Since pictures are not part of the copy, please output only the lines from the one with "وصفاته ما لا" through the end of the data below, exactly as written.

(The data)

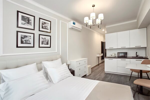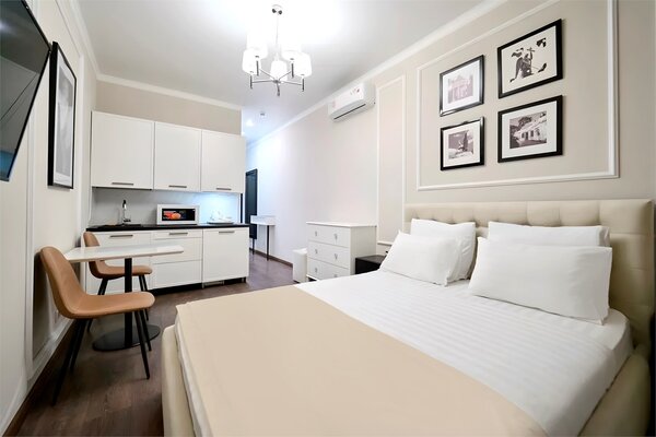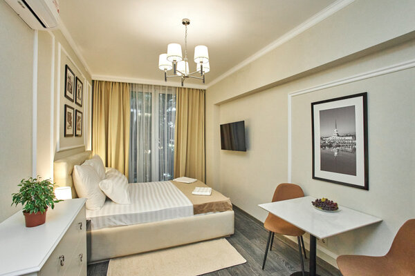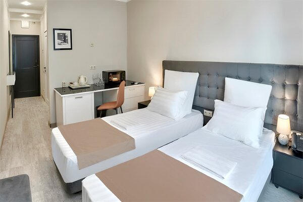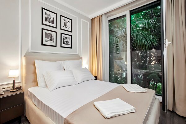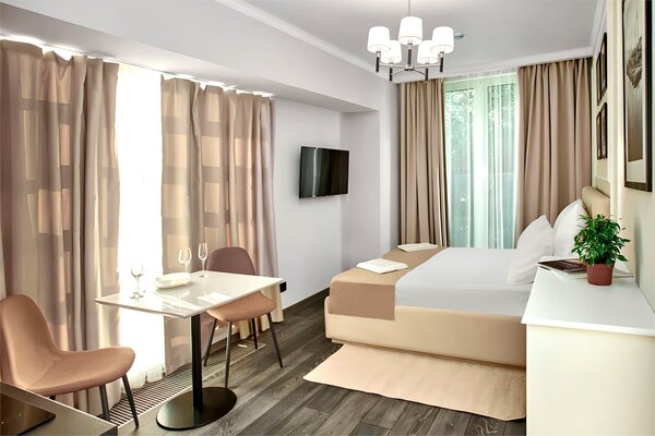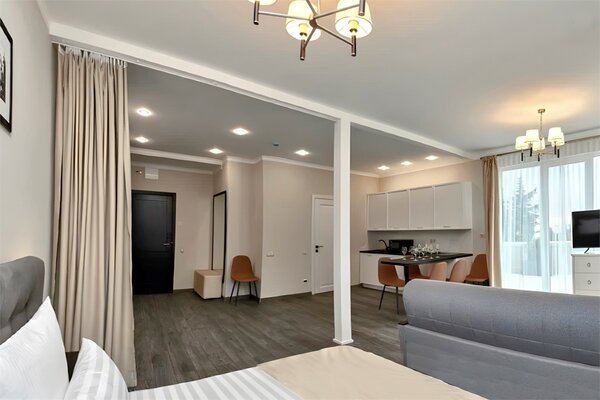 К услугам гостей широкий выбор номеров, от стандартных до люксов, оформленных в современном стиле и оснащенных всем необходимым для комфортного проживания: удобные кровати, телевизоры, кондиционеры, мини-холодильники и бесплатный Wi-Fi.
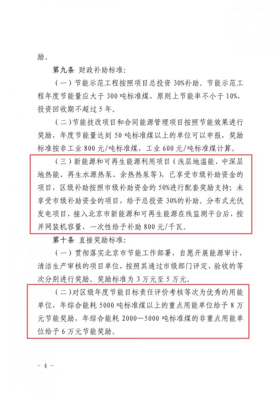 通知明確:新能源和可再生能源利用項目已享受市級補助資金的項目,區(qū)級補助按照市級補助資金的50%進行配套獎勵支持;未享受市級補助資金的項目,給予總投資30%的補助。分布式光伏發(fā)電項目,接入北京市新能源和可再生能源在線監(jiān)測平臺后,接并網裝機容量,一次性給予補助800元/千瓦。
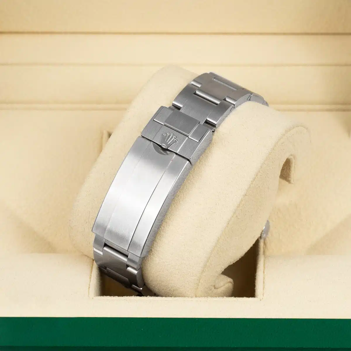 Rolex calibre 3235 automatic movement, approximately 70 hours of power reserve, Oyster bracelet with flat three-piece links, folding Oysterlock buckle with glidelock extension system. Waterproof to 300 meters.
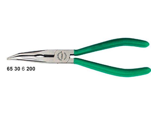 DIN ISO 5745, Form B, bent 45°, half round, long tapering, serrated jaws, with burner hole, precision cutting edges for soft and hard wires, induction hardened cutting edges, approx. 60 HRC.
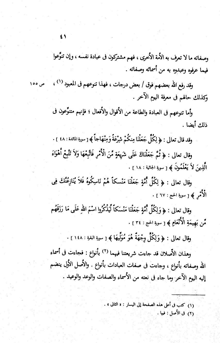 وصفاته ما لا تعرف به الأمة الأخرى فهم مشتركون في عبادة نفسه وإن تنوعوا فيما عرفوه وعبدوه به من أسمائه وصفاته
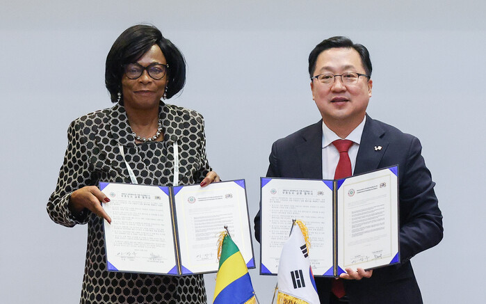 | ▲ 이장우 대전시장(오른쪽)이 10일 크리스틴 엠비에이 듀튬 가봉 리브르빌 시장과 우호도시 협약을 체결하고 기념촬영을 하고 있다. |

(End The data)

● **Result for this exercise**
 وصفاته ما لا تعرف به الأمة الأخرى فهم مشتركون في عبادة نفسه وإن تنوعوا فيما عرفوه وعبدوه به من أسمائه وصفاته
 | ▲ 이장우 대전시장(오른쪽)이 10일 크리스틴 엠비에이 듀튬 가봉 리브르빌 시장과 우호도시 협약을 체결하고 기념촬영을 하고 있다. |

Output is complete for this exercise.